BRIEF: Print out each entry below exactly; do not carry over any image.

Items from a dataset:
▶

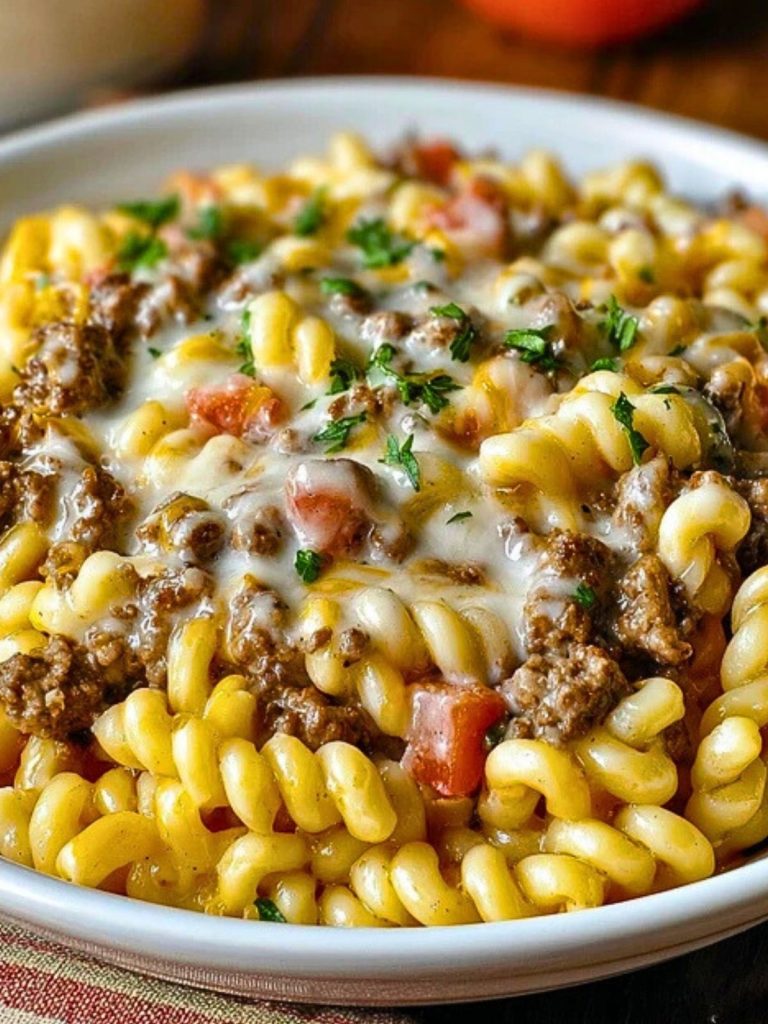 Perfect for busy weeknights or laid-back weekends, this dish comes together quickly and fills the kitchen with the kind of aroma that brings everyone running to the table. It’s a hearty, cheesy, beefy pasta recipe that hits all the comfort notes without requiring hours in the kitchen.
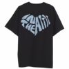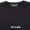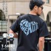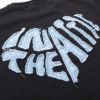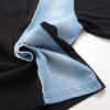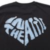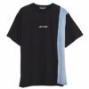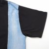 フロントはデニム生地で切り替え、バックはハート型ロゴパッチワークをデザインした半袖Tシャツ。
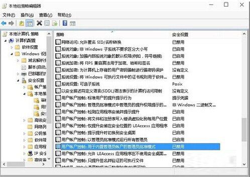 依次选择-<平安设置>-<外地战略>-<平安设置>,将右边的用户账户控制:用于内置管理员账户的管理员批准模式设置为启用,重启win10
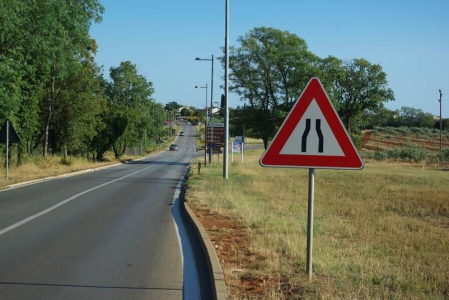 Nekoliko metara dalje stoji znak koji vozače upozorava na suženje kolnika. To samo po sebi ne bi bilo ništa loše kad znak ne bi bio postavljen na mjestu gdje suženje počinje, umjesto barem nekoliko metara ranije. Otprilike kao da na dnu čaše, umjesto na njoj, piše OTROV.
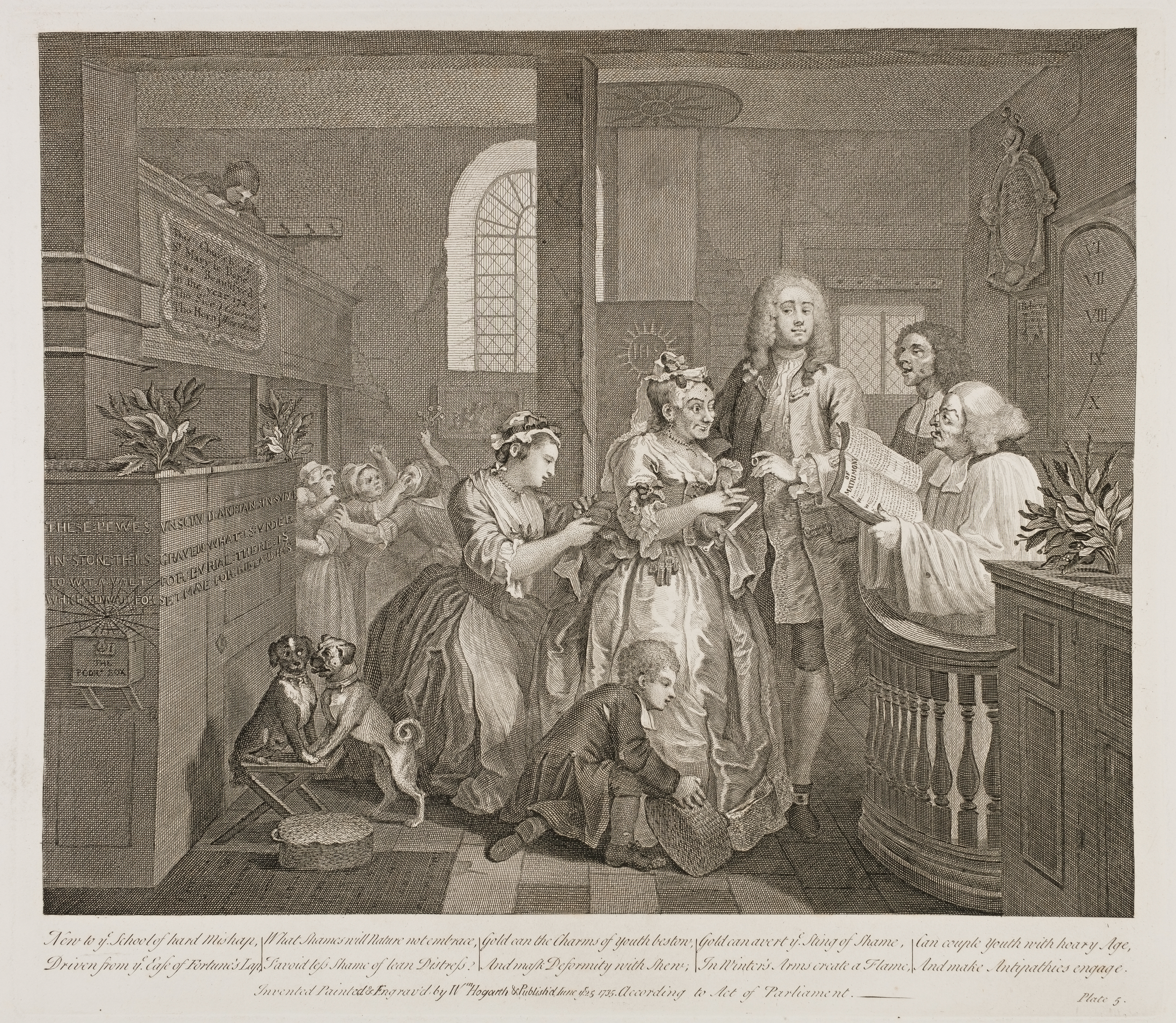 In this Plate Hogarth introduced his favourite dog Trump, paying his addresses to a one-eyed quadruped of his own species; a happy parody of the unnatural union going on in the Church. Of this dog his friend Roubiliac made a model as large as life.
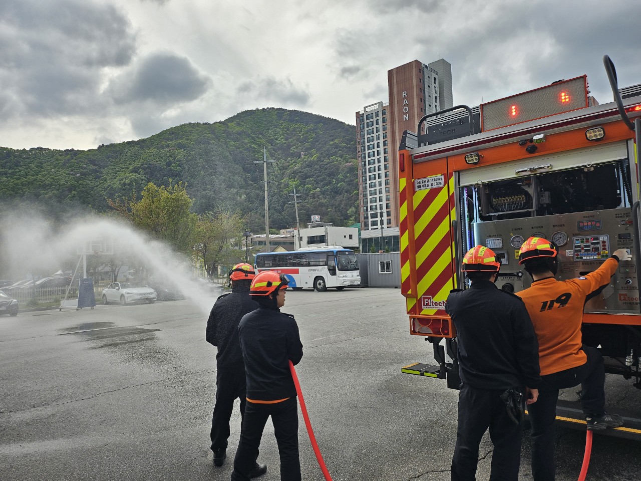 험지펌프차 운영을 위한 주된 교육 내용으로는 ▲차량 조작(범퍼방수총 사용) ▲도로 주행연습(4룬, 경사면) ▲산화펌프 및 고압방수 조작 ▲배기가스 처리장치 조작 등으로 운전원의 차량 운전 능력을 고려해 이루어졌다.

◀

SOLUTION:
 Perfect for busy weeknights or laid-back weekends, this dish comes together quickly and fills the kitchen with the kind of aroma that brings everyone running to the table. It’s a hearty, cheesy, beefy pasta recipe that hits all the comfort notes without requiring hours in the kitchen.
 フロントはデニム生地で切り替え、バックはハート型ロゴパッチワークをデザインした半袖Tシャツ。
 依次选择-<平安设置>-<外地战略>-<平安设置>,将右边的用户账户控制:用于内置管理员账户的管理员批准模式设置为启用,重启win10
 Nekoliko metara dalje stoji znak koji vozače upozorava na suženje kolnika. To samo po sebi ne bi bilo ništa loše kad znak ne bi bio postavljen na mjestu gdje suženje počinje, umjesto barem nekoliko metara ranije. Otprilike kao da na dnu čaše, umjesto na njoj, piše OTROV.
 In this Plate Hogarth introduced his favourite dog Trump, paying his addresses to a one-eyed quadruped of his own species; a happy parody of the unnatural union going on in the Church. Of this dog his friend Roubiliac made a model as large as life.
 험지펌프차 운영을 위한 주된 교육 내용으로는 ▲차량 조작(범퍼방수총 사용) ▲도로 주행연습(4룬, 경사면) ▲산화펌프 및 고압방수 조작 ▲배기가스 처리장치 조작 등으로 운전원의 차량 운전 능력을 고려해 이루어졌다.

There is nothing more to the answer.